The second child of refugee parents and their first born in America, I am extremely proud of my heritage, my very American upbringing (baseball, football, school dances, and class president... twice), and humbled by the sacrifices my parents and family made so that I would have this opportunity free from persecution.


Office Space

My first "real" job after college was as an IT Management Consultant in a nondescript cubicle for a big consulting firm. Hired in anticipation for a Y2K bug that never came, I spent most of my time waiting for work by playing Doom over the WAN with my other "On the Beach" colleagues. The salary was generous for a middle-class kid straight out of college, but in the end, this job taught me there was more to a career than TPS reports and money. I knew there had to be more to a career and a life.



The final meeting of the millennium between the hedges with the Georgia Bulldogs and the Auburn Tigers completely changed the trajectory of my professional career.
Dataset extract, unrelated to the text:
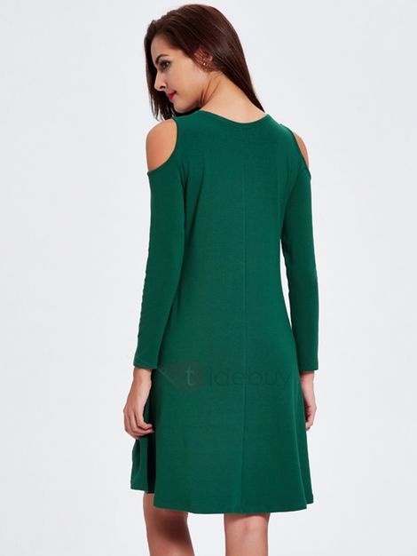 Off-the-Shoulder Long Sleeve High-Low Day Dress Green
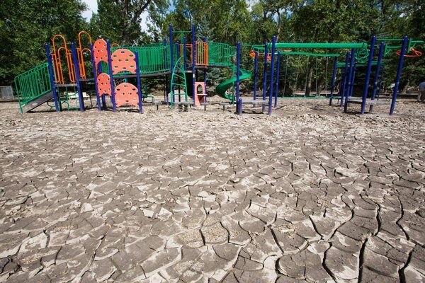 A playground sits in dried mud in downtown High River.Chris Bolin/The Globe and Mail

The fans, the tradition, the culture, the pomp and circumstance of college football was intoxicating and inspirational. I didn't even know if there were jobs in sports, but it was this fateful weekend in Athens, Georgia, that convinced this underdog to find out.


Friday Night Lights

When I graduated from undergrad I sent letters to all 32 NFL clubs seeking employment. The NFL was a dream since I started playing in junior high. I received 13 rejections and no responses from the others. I needed practical industry experience. I knew a master's in sport management would start me on the right track and the eyes of Texas were soon upon me.
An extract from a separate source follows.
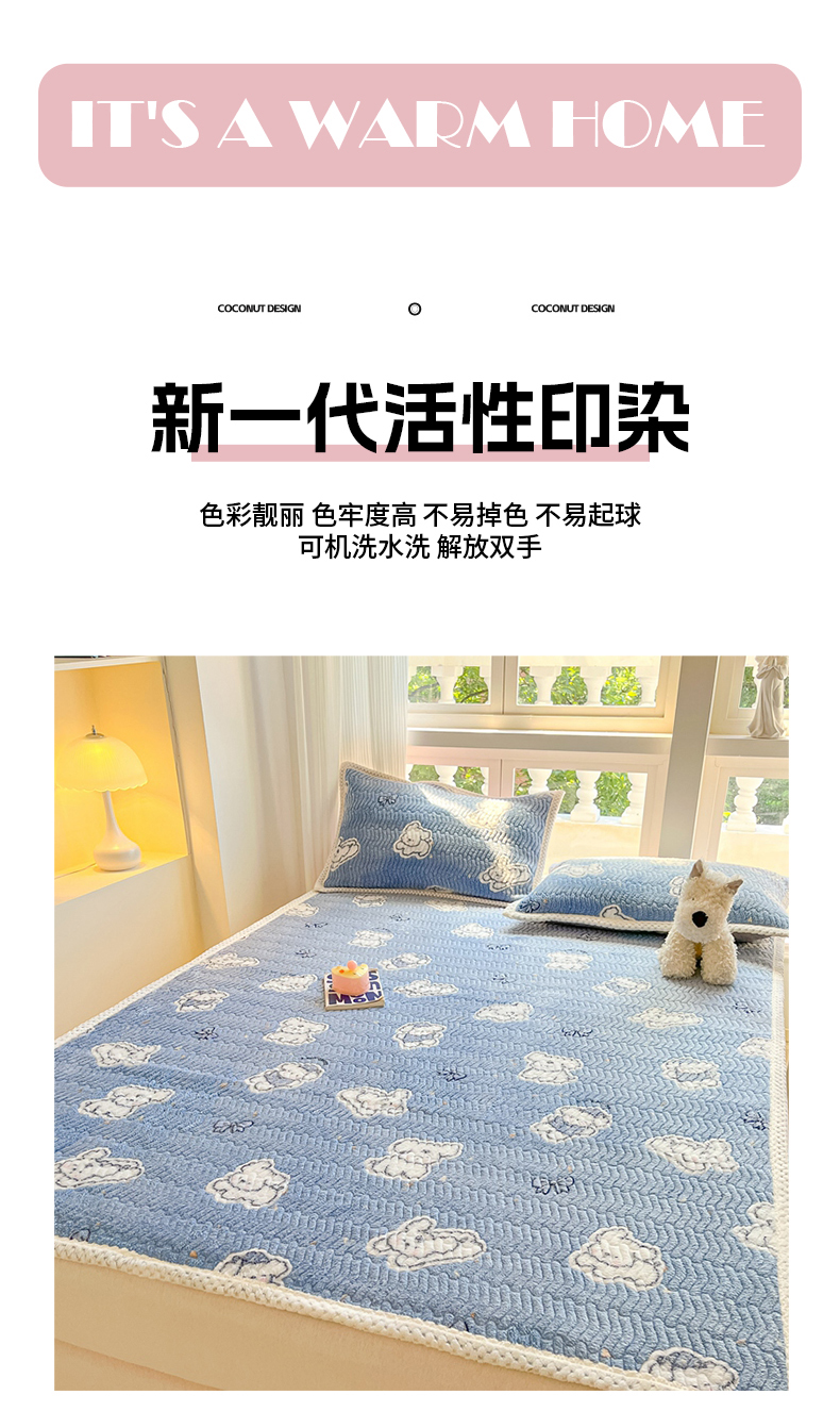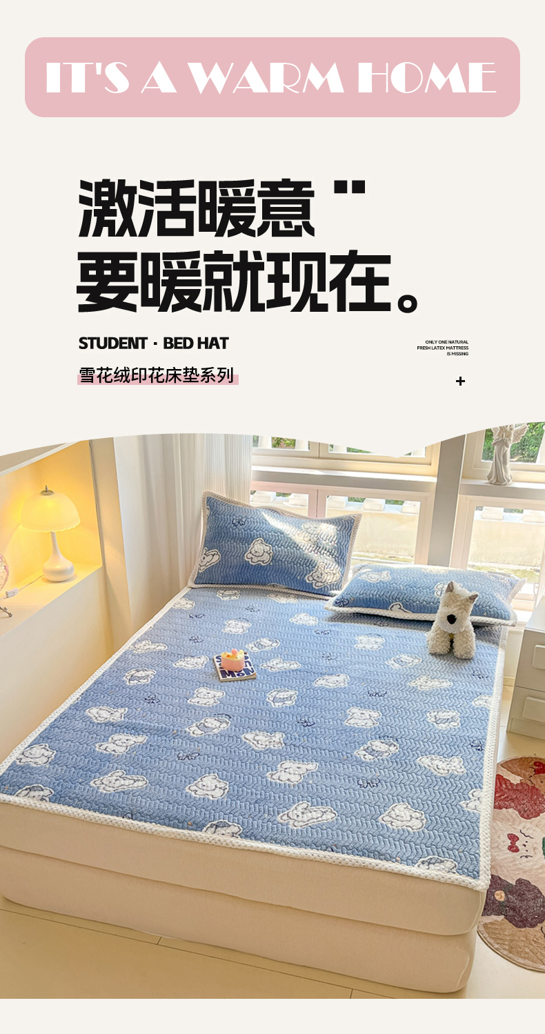 当前位置: 91家纺网 > 商品网购 > 床垫/床褥 > 普通床垫 > 川悦生活 2024新款A类印花雪花绒床垫加厚绒保暖床护垫 床垫小雪狗

The Secret Life of Walter Mitty

After seven of the most prolific championship years in Texas Longhorns history, I decided it was time to hang up my horns. I took the opportunity of free unadulterated time to circumnavigate the globe walking the earth like Caine from Kung Fu and getting into adventures. Seventeen countries and five continents later, I reaffirmed a world perspective that completely changed my life.


Major League

I was working as a substitute teacher in Los Angeles, ready to make an impact in the young lives of high school students, when I got the call from the National Football League. The parent company of the Seattle Seahawks was adding a new professional soccer franchise under their management, and they needed me to double their digital team and work both. After a decade of dreaming, the NFL (and now the MLS) was asking to be my reality. To be honest, I thought I was done working in sports after Texas, and was truly ready and excited to become an educator. Lou Brown seemed indifferent when he was first asked to manage a professional baseball team, but much like Lou Brown, I eventually accepted and went on to win another championship.
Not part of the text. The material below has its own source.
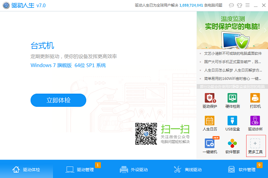 下载安装驱动人生,打开软件,在主界面的右下角你会看到“更多工具”这个选项,点击进入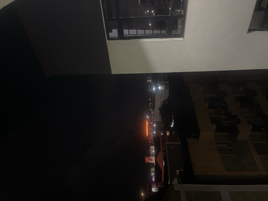 The image captures a nocturnal, elevated wide-angle view of the city of Thika, Kenya. The upper portion of the frame displays a uniformly dark night sky. In the immediate foreground, on the right side, a section of a light-colored, possibly cream or off-white, building facade is visible, topped by a darker, possibly gray, architectural element. Embedded within this facade is a dark-framed window, the glass of which reflects ambient city lights. Below the vantage point, a cluster of multi-story buildings, primarily dark in color, forms the midground. Details of these structures are largely obscured by darkness, though some balconies are faintly discernable. The background reveals the distant urban landscape, punctuated by numerous artificial light sources. A prominent horizontal orange illuminated strip is visible on a distant structure, likely a large sign or building. To the left of this orange light, a tall, vertically oriented billboard featuring red and white illumination is visible. Scattered white lights, consistent with streetlights and building interiors, are present throughout the distant city scene. No individuals, specific actions, or direct interactions are visible. The environment is distinctly urban, characterized by dense construction and artificial illumination.

Mr. Smith Goes to Washington

Two Super Bowls, one ring to show for them, a Pro Bowl, several U.S. Open Cups and a digital staff that had grown from two to 10 later, it was time to make a new impact. Our popular web host at the Seahawks was retiring to run for Congress and he wanted me as his campaign manager. We were rookies to politics running on a platform of campaign finance reform against a six-time incumbent. We made it through the primary but did not win in the general election. The fire of public service, which I've had since Mr. Yanak's eighth grade history class, was indelibly reignited within me.


Ted Lasso

I returned to my early roots as a consultant when one networking phone call led to a whirlwind project in London where a new startup football (soccer) website wanted to grow its digital footprint. Though I've travelled the world, this was my first time living abroad. The experience not only slayed my doubts about whether I was cut out to be a consultant, it validated my penchant for living and traveling internationally. Within a week, I was offered the contract, booked a flight and landed in my new foreign home the day before Christmas Eve.


Big Fish

Arrive curious. Leave inspired. What could a guy with 15 years of digital experience in sports have to offer the CEO of the Bill & Melinda Gates Foundation? The world's largest foundation tackles the world's most pressing issues of inequity, and there were plenty of big fish in this river. Once I got past the imposter syndrome, the answer turned out to be quite a bit.


The Jungle Book

I arrived curious, and after four years of managing two CEO voices at the largest philanthropy in the history of mankind, I left inspired... but still curious. Always curious. A bear once taught me not to spend my time looking for something I want that can't be found. The bare necessities of life will come to you. As I venture into the exotic unknown opportunity of the Amazon, I revert to my wolf upbringing and the Law of the Jungle: The strength of the jungle is the wolf, and the strength of the wolf is the pack. I still like being a bear.


Up In the Air

My nephew is in the midst of a gap year after his senior year of high school, and told him I was jealous of his choice. He was unencumbered, had no debts, no real "adult" obligations. He delayed his acceptance into college for a year to find himself. I decided to not be jealous, and chose the same path. Not sure what the future holds after next year, but I plan on enjoying an unencumbered life (a luxury I have spent a lifetime earning) connecting with many friends around the world for the next year. Tonight most people will be welcomed home by jumping dogs and squealing kids and thousands more will ask about their day and tonight they'll sleep. The stars will wheel forth from their daytime hiding places; and one of those lights, slightly brighter than the rest, will be my wingtip passing over.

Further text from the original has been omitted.